Architecture: 15 × (3 × (GDN → MoE) + 1 × (Attention → MoE)) = 60 layers

.. rubric:: Example

from megatron.bridge import AutoBridge bridge = AutoBridge.from_hf_pretrained(“Qwen/Qwen3.5-397B-A17B”) provider = bridge.to_megatron_provider()

provider_bridge( hf_pretrained: megatron.bridge.models.hf_pretrained.causal_lm.PreTrainedCausalLM, ) → megatron.bridge.models.qwen_vl.qwen35_vl_provider.Qwen35VLMoEModelProvider#

Create a Qwen35VLMoEModelProvider from a HuggingFace pretrained model.

Extracts both language model and vision model configurations from the HuggingFace config and maps them to Megatron provider parameters.

Parameters:: hf_pretrained – HuggingFace pretrained VLM model
Returns:: Qwen35VLMoEModelProvider configured with the HF model’s parameters

mapping_registry() → megatron.bridge.models.conversion.mapping_registry.MegatronMappingRegistry#

Return MegatronMappingRegistry containing parameter mappings for Qwen3.5 VL.

Combines:

Language model mappings (Qwen3-Next hybrid architecture with VL prefixes):
- Standard attention: QKV, output projection, QK layernorm
- Linear attention (GDN): in_proj, out_proj, conv1d, A_log, dt_bias, out_norm
- MoE: router, routed expert MLPs, shared expert MLPs, shared expert gate
- Embeddings, output layer, final layernorm
Vision model mappings (Qwen3-VL style):
- Vision transformer blocks: attention, MLP, layer norms
- Deepstack visual mergers
- Patch embedding and position embedding
- Final merger (patch_norm, linear_fc1, linear_fc2)

Naming Convention:

Megatron language model params are prefixed with “language_model.”
HF language model params are prefixed with “model.language_model.”
Megatron vision model params are prefixed with “vision_model.”
HF vision model params are prefixed with “model.visual.”
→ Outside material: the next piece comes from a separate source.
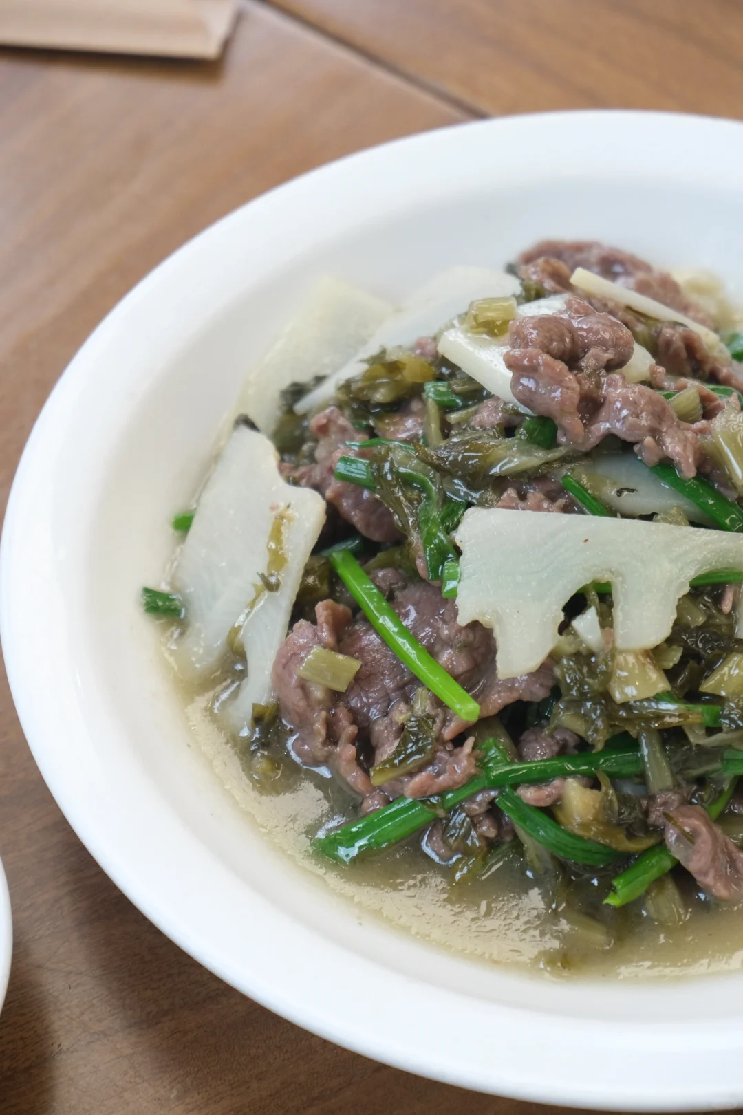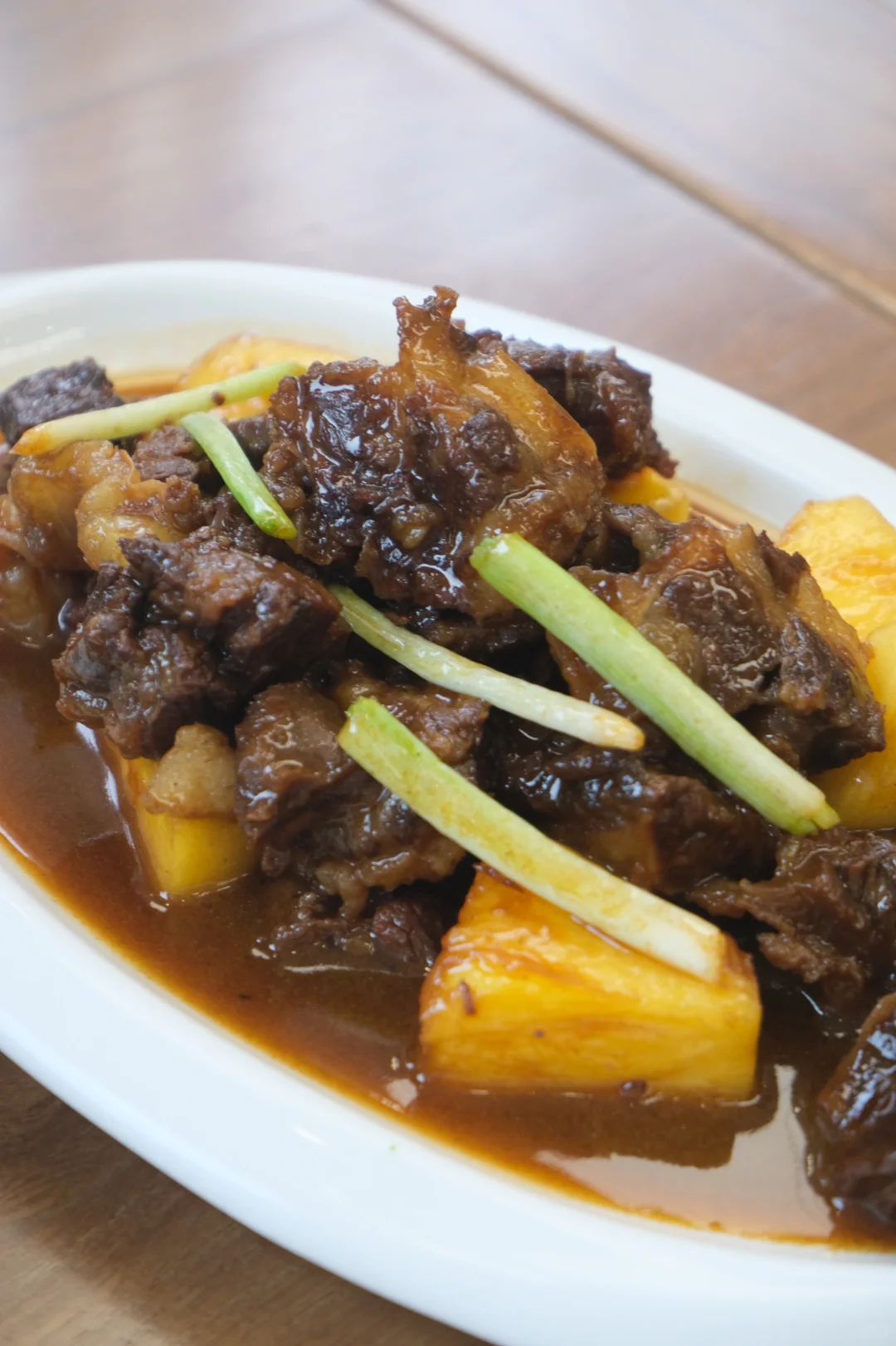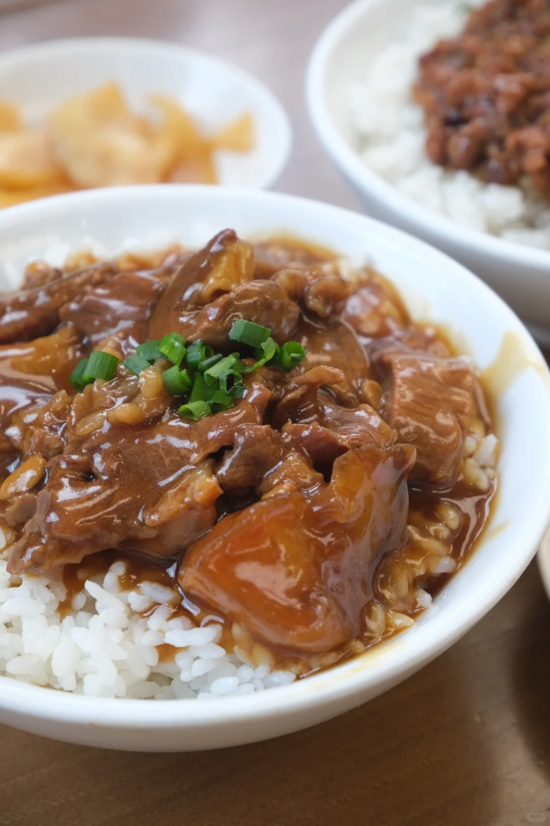 确实是好吃的……虽然菜品的选择不多,但确实是现炒有锅气,口味也把握得极好。先说主食,感觉卤肉饭比土豆牛腩更好吃,可能是因为口味更重一点,米饭拌汤汁太美妙了。雪菜牛肉一定要点,里面还有脆脆的笋片。菠萝牛腩的牛腩很大块,而且是肥瘦相间的那种,凤梨也很多汁。收尾点了海鲜豆腐汤,鲜的,撒了芹菜末更配了。

Returns:: MegatronMappingRegistry with all parameter mappings

class bridge.models.qwen_vl.qwen35_vl_bridge.Qwen35VLBridge#

Bases: megatron.bridge.models.conversion.model_bridge.MegatronModelBridge

Megatron Bridge for Qwen3.5 Dense Vision-Language Model.

This bridge handles the conversion between HuggingFace Qwen3.5 dense VL model and Megatron-Core Qwen3VLModel formats. Unlike the MoE variant, this model uses a standard dense MLP (gate_proj + up_proj → linear_fc1, down_proj → linear_fc2).

The weight mappings handle:

Language model hybrid layers (GDN + standard attention)
Dense MLP with gated SiLU activation (fused pre-MLP layernorm)
Vision model weights (no deepstack mergers)
QK layernorm, zero-centered RMSNorm for GDN output norm
mRoPE position embeddings

Architecture (27B): 16 × (3 × GDN + 1 × Attention) = 64 layers

.. rubric:: Example

from megatron.bridge import AutoBridge bridge = AutoBridge.from_hf_pretrained(“Qwen/Qwen3.5-27B”) provider = bridge.to_megatron_provider()

mimo_source_prefixes#: None

provider_bridge( hf_pretrained: megatron.bridge.models.hf_pretrained.causal_lm.PreTrainedCausalLM, ) → megatron.bridge.models.qwen_vl.qwen35_vl_provider.Qwen35VLModelProvider#: Create a Qwen35VLModelProvider from a HuggingFace pretrained model.